Stored records:

++++++++++++++++++++

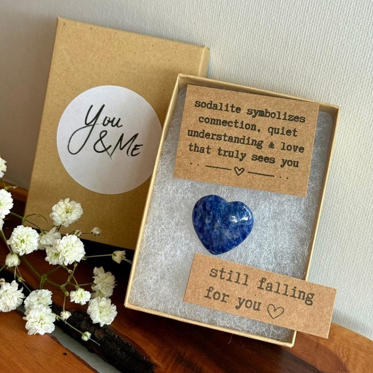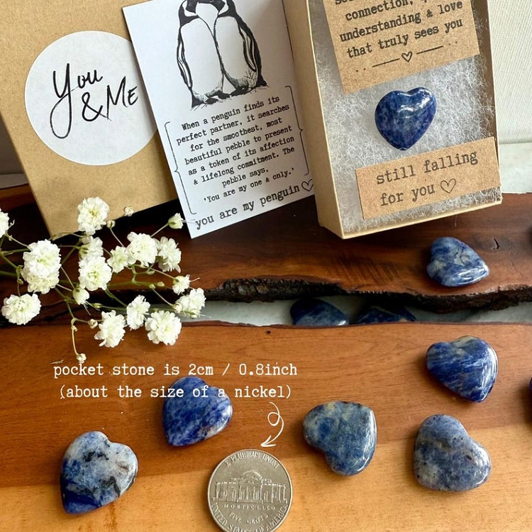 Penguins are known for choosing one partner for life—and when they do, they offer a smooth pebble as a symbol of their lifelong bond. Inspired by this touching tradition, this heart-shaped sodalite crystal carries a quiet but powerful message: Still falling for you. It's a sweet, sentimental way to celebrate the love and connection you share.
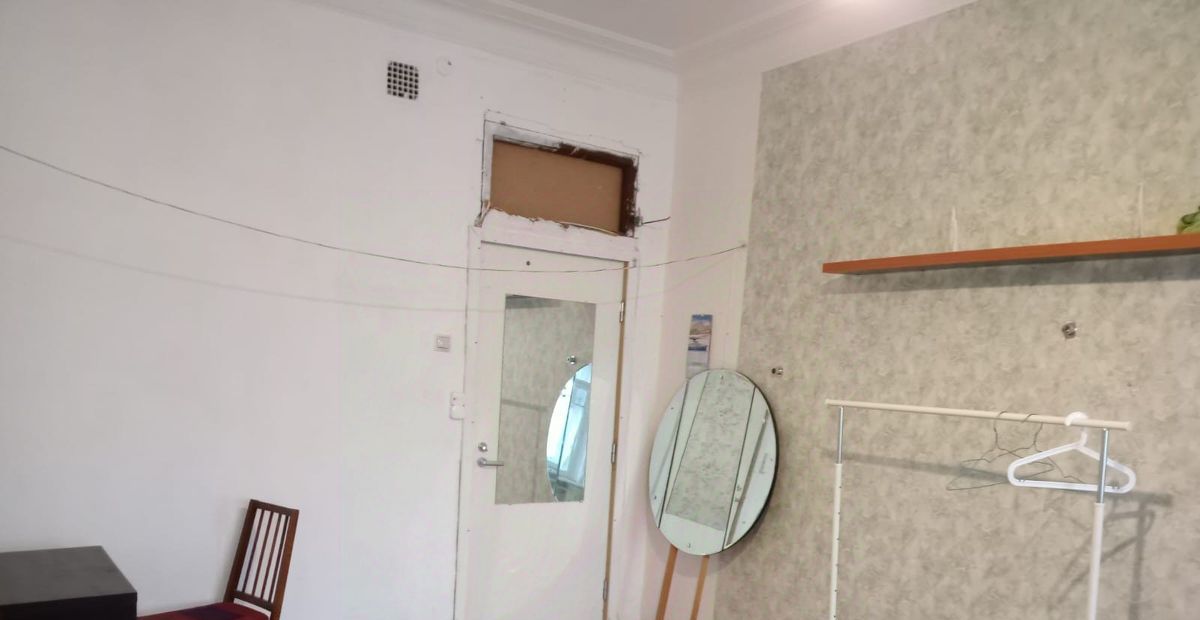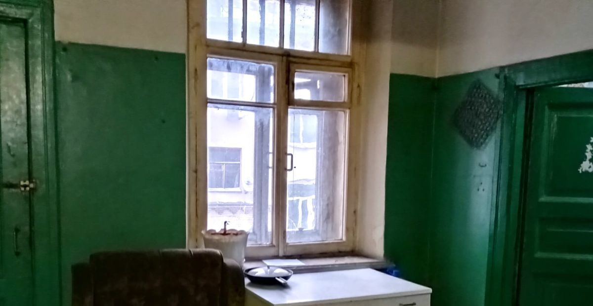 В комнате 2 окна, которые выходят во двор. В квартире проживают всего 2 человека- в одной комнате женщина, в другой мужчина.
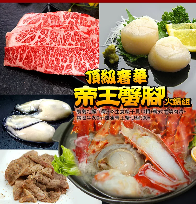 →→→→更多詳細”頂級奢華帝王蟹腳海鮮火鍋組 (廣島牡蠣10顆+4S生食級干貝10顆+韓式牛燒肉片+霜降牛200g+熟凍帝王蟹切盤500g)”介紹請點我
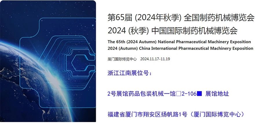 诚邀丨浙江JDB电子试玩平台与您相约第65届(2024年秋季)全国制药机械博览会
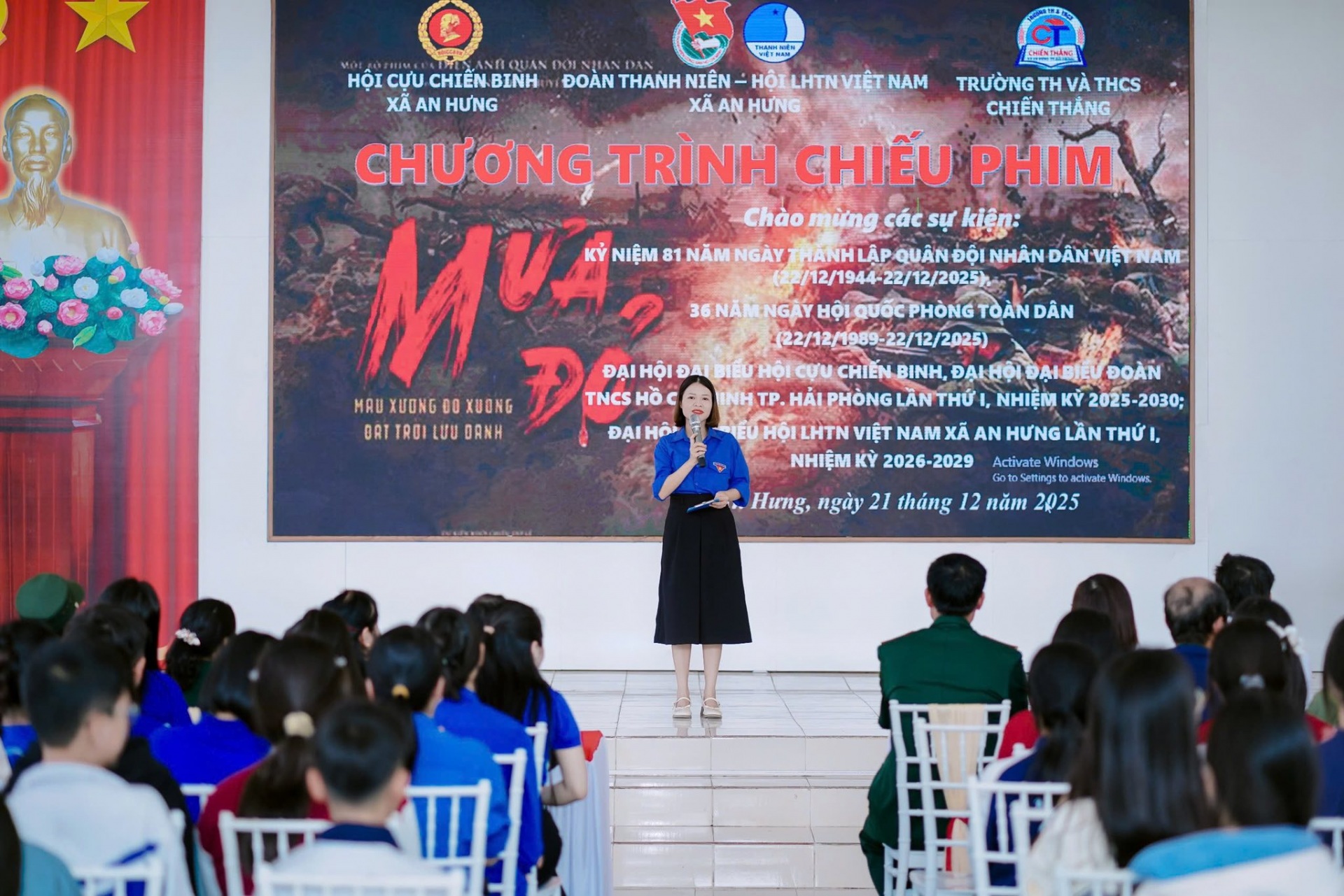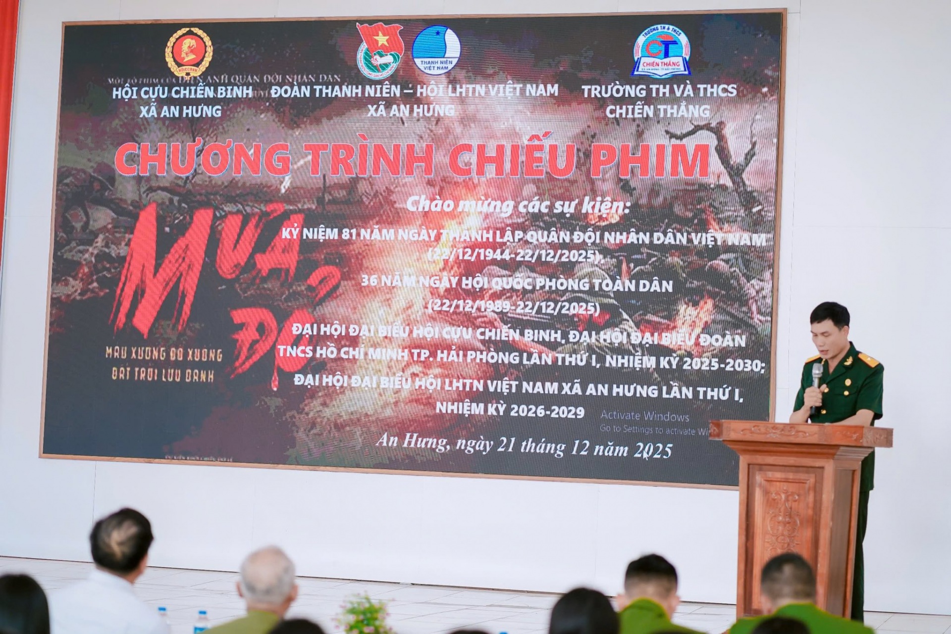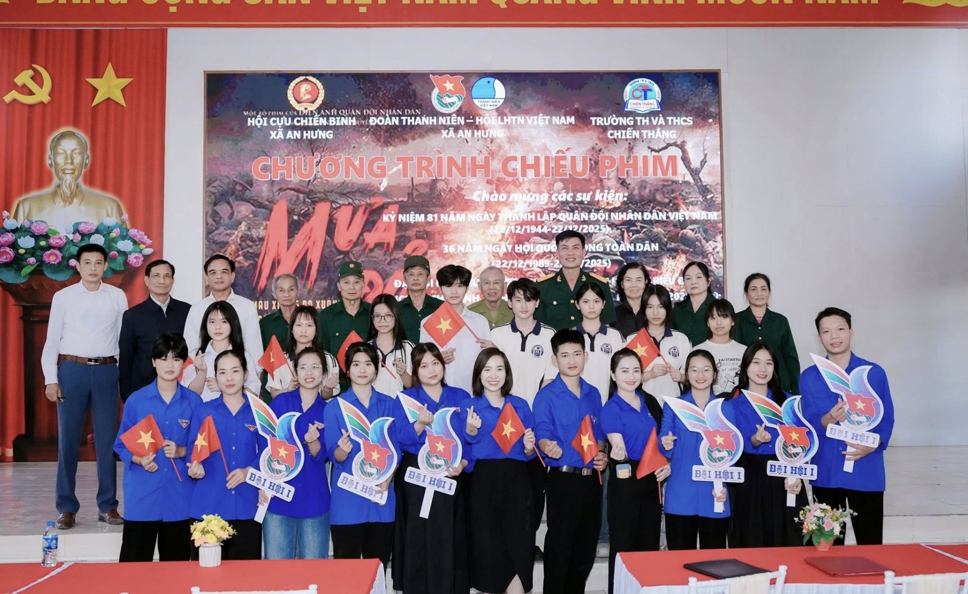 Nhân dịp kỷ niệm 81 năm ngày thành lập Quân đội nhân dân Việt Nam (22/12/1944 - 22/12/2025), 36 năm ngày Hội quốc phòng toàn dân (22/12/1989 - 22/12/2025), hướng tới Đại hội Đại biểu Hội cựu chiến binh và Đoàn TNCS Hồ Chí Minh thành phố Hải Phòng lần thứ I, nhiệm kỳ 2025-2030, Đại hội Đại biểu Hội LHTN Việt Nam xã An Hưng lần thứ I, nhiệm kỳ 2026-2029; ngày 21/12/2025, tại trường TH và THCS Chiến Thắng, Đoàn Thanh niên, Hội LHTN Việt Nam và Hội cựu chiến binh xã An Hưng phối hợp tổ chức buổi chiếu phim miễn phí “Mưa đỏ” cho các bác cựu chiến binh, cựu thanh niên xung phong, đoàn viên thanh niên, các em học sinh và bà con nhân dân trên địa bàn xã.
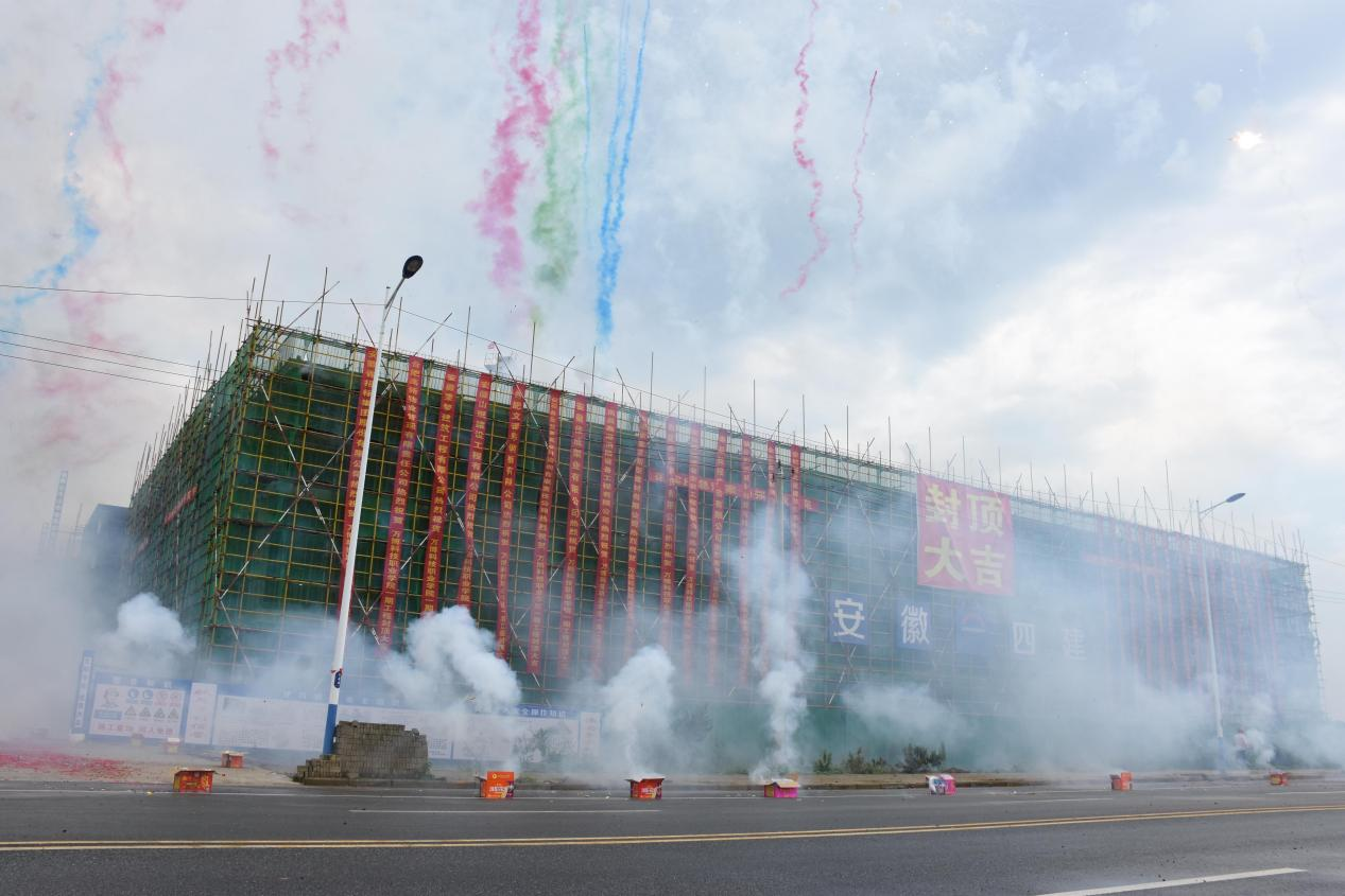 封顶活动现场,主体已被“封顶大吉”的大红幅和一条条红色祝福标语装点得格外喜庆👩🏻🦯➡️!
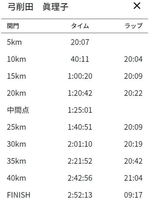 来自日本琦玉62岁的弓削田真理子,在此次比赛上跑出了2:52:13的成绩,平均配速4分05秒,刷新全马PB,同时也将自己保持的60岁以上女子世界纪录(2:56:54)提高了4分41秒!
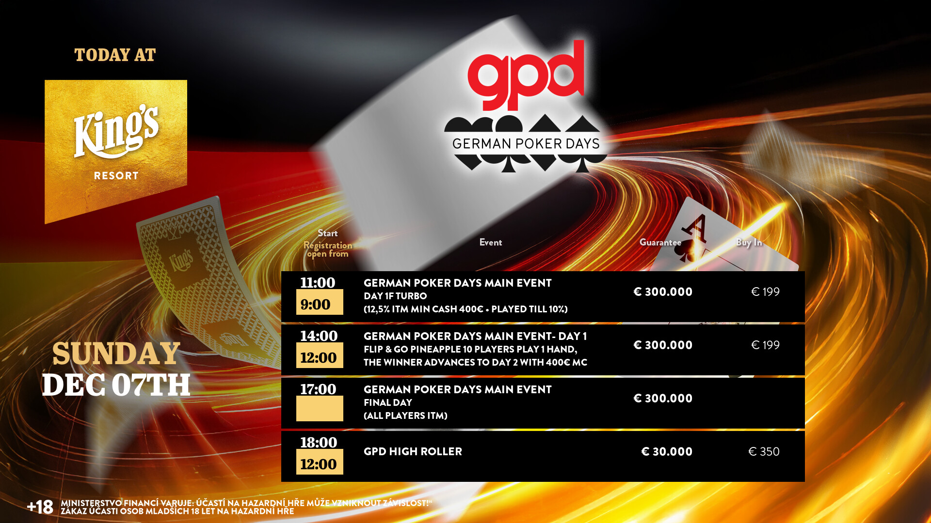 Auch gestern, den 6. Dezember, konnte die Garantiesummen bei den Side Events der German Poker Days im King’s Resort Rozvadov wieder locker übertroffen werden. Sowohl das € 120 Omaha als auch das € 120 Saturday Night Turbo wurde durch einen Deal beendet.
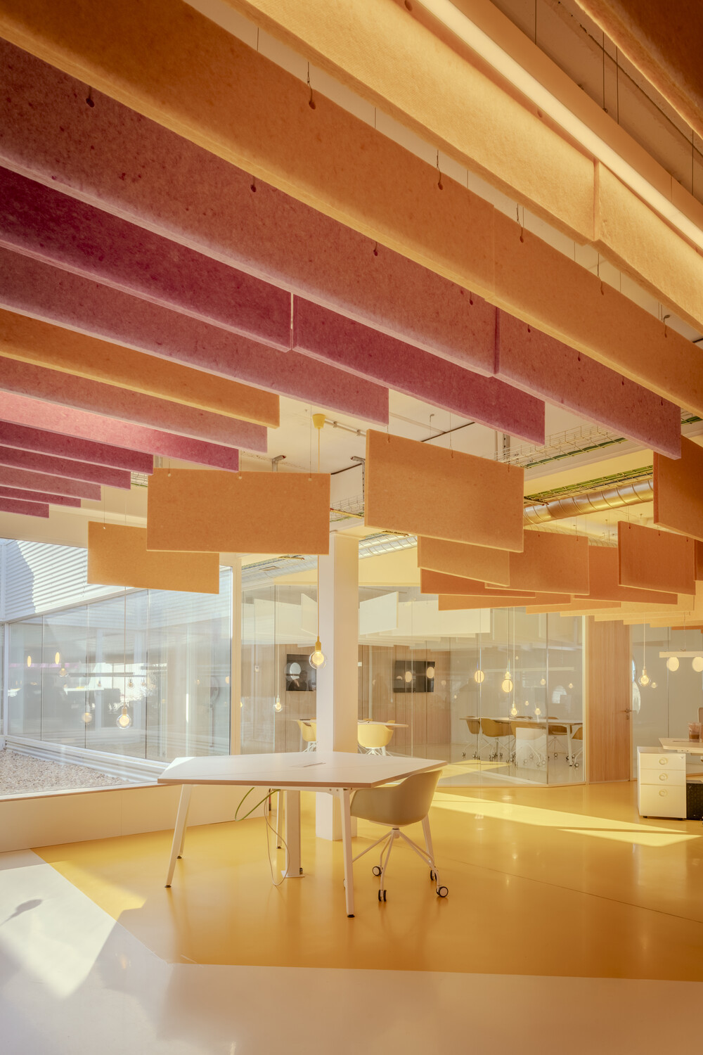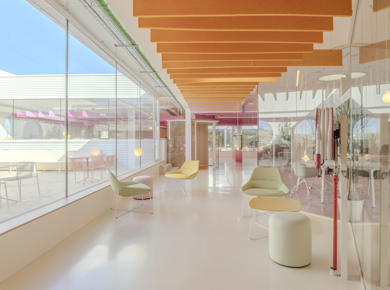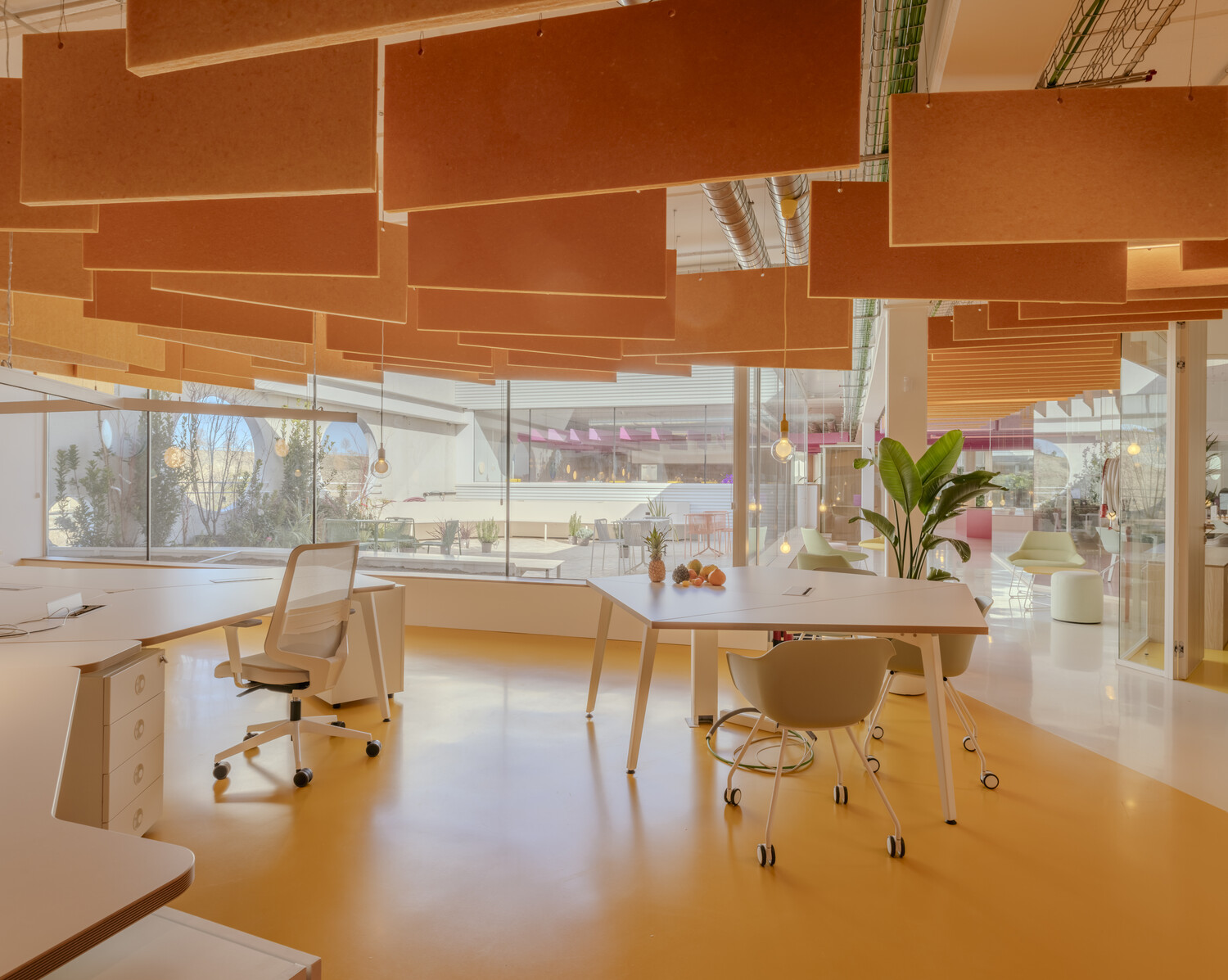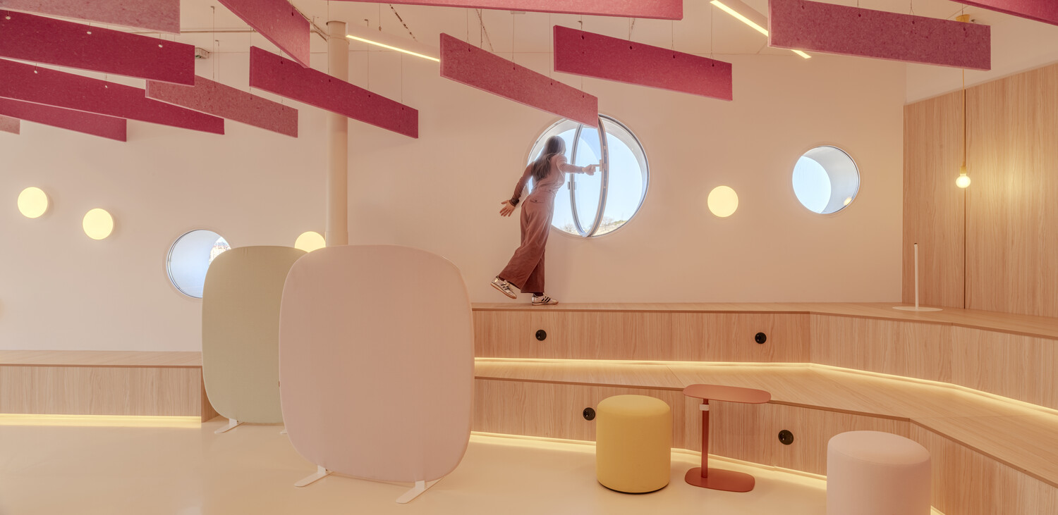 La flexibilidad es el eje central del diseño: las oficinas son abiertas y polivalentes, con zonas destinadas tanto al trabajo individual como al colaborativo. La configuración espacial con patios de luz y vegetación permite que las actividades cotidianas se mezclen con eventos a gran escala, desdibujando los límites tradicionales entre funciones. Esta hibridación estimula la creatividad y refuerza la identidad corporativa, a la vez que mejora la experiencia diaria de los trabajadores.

++++++++++++++++++++

**Your objective**. Retype all entries exactly as they appear, dropping the images.

**Exercise solution**.
 Penguins are known for choosing one partner for life—and when they do, they offer a smooth pebble as a symbol of their lifelong bond. Inspired by this touching tradition, this heart-shaped sodalite crystal carries a quiet but powerful message: Still falling for you. It's a sweet, sentimental way to celebrate the love and connection you share.
 В комнате 2 окна, которые выходят во двор. В квартире проживают всего 2 человека- в одной комнате женщина, в другой мужчина.
 →→→→更多詳細”頂級奢華帝王蟹腳海鮮火鍋組 (廣島牡蠣10顆+4S生食級干貝10顆+韓式牛燒肉片+霜降牛200g+熟凍帝王蟹切盤500g)”介紹請點我
 诚邀丨浙江JDB电子试玩平台与您相约第65届(2024年秋季)全国制药机械博览会
 Nhân dịp kỷ niệm 81 năm ngày thành lập Quân đội nhân dân Việt Nam (22/12/1944 - 22/12/2025), 36 năm ngày Hội quốc phòng toàn dân (22/12/1989 - 22/12/2025), hướng tới Đại hội Đại biểu Hội cựu chiến binh và Đoàn TNCS Hồ Chí Minh thành phố Hải Phòng lần thứ I, nhiệm kỳ 2025-2030, Đại hội Đại biểu Hội LHTN Việt Nam xã An Hưng lần thứ I, nhiệm kỳ 2026-2029; ngày 21/12/2025, tại trường TH và THCS Chiến Thắng, Đoàn Thanh niên, Hội LHTN Việt Nam và Hội cựu chiến binh xã An Hưng phối hợp tổ chức buổi chiếu phim miễn phí “Mưa đỏ” cho các bác cựu chiến binh, cựu thanh niên xung phong, đoàn viên thanh niên, các em học sinh và bà con nhân dân trên địa bàn xã.
 封顶活动现场,主体已被“封顶大吉”的大红幅和一条条红色祝福标语装点得格外喜庆👩🏻🦯➡️!
 来自日本琦玉62岁的弓削田真理子,在此次比赛上跑出了2:52:13的成绩,平均配速4分05秒,刷新全马PB,同时也将自己保持的60岁以上女子世界纪录(2:56:54)提高了4分41秒!
 Auch gestern, den 6. Dezember, konnte die Garantiesummen bei den Side Events der German Poker Days im King’s Resort Rozvadov wieder locker übertroffen werden. Sowohl das € 120 Omaha als auch das € 120 Saturday Night Turbo wurde durch einen Deal beendet.
 La flexibilidad es el eje central del diseño: las oficinas son abiertas y polivalentes, con zonas destinadas tanto al trabajo individual como al colaborativo. La configuración espacial con patios de luz y vegetación permite que las actividades cotidianas se mezclen con eventos a gran escala, desdibujando los límites tradicionales entre funciones. Esta hibridación estimula la creatividad y refuerza la identidad corporativa, a la vez que mejora la experiencia diaria de los trabajadores.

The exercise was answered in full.